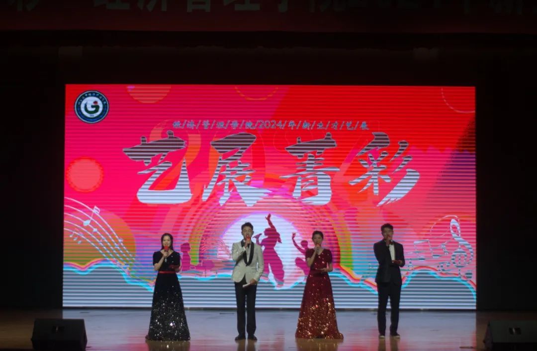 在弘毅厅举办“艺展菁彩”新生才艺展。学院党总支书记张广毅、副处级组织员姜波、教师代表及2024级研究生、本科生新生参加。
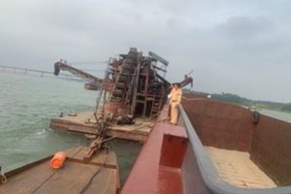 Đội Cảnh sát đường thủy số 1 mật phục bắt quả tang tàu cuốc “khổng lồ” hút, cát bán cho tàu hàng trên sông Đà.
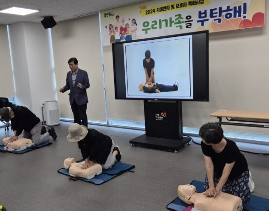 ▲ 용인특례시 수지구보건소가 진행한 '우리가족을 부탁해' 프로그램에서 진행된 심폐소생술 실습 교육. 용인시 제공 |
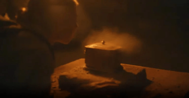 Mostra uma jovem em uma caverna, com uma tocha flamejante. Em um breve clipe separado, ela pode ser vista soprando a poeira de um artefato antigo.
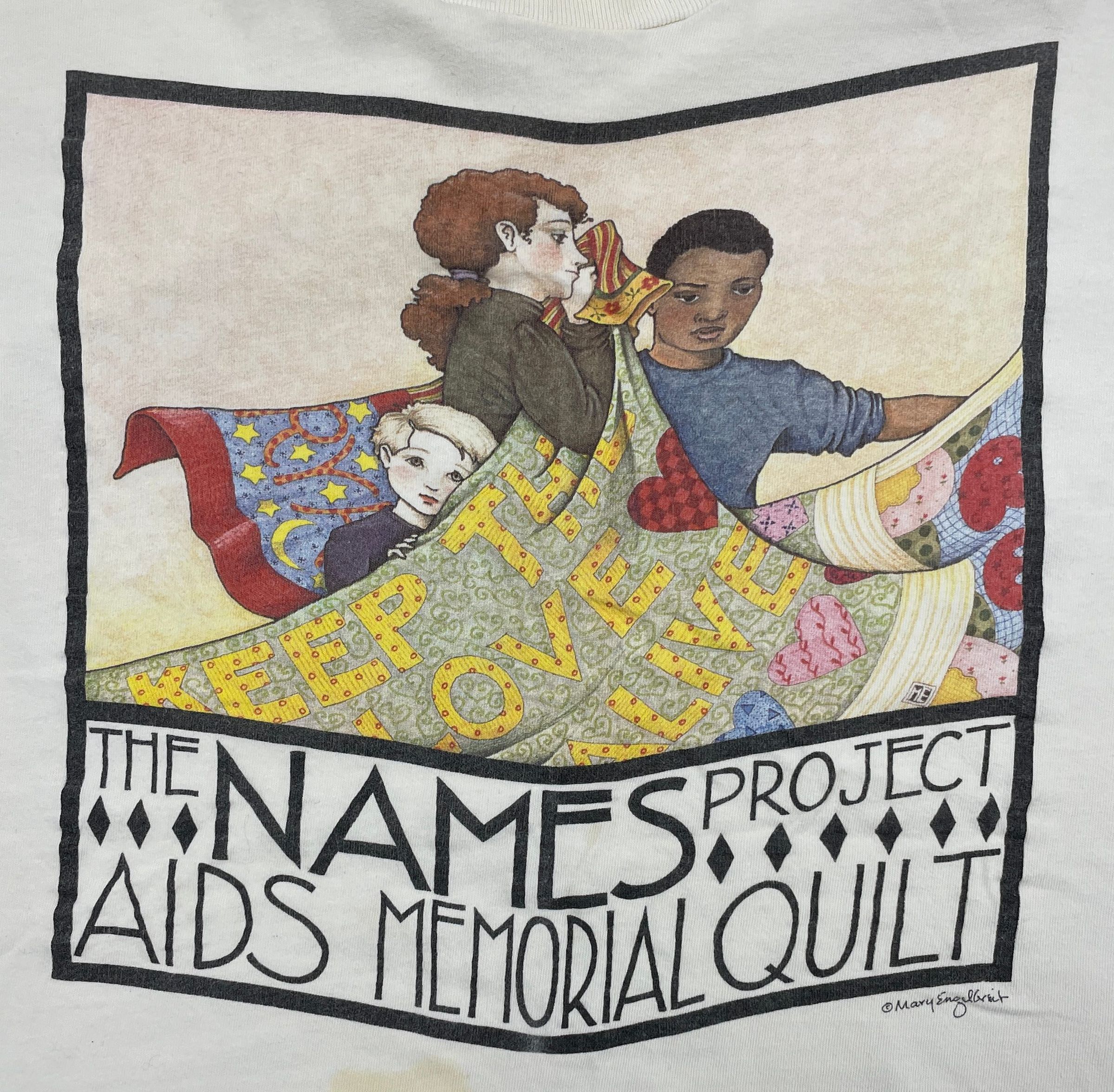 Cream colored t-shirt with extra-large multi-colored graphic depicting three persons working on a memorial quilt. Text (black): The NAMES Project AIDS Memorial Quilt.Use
----------------
Reproduce every entry exactly, but omit each picture.

:: Problem solution ::
 在弘毅厅举办“艺展菁彩”新生才艺展。学院党总支书记张广毅、副处级组织员姜波、教师代表及2024级研究生、本科生新生参加。
 Đội Cảnh sát đường thủy số 1 mật phục bắt quả tang tàu cuốc “khổng lồ” hút, cát bán cho tàu hàng trên sông Đà.
 ▲ 용인특례시 수지구보건소가 진행한 '우리가족을 부탁해' 프로그램에서 진행된 심폐소생술 실습 교육. 용인시 제공 |
 Mostra uma jovem em uma caverna, com uma tocha flamejante. Em um breve clipe separado, ela pode ser vista soprando a poeira de um artefato antigo.
 Cream colored t-shirt with extra-large multi-colored graphic depicting three persons working on a memorial quilt. Text (black): The NAMES Project AIDS Memorial Quilt.Use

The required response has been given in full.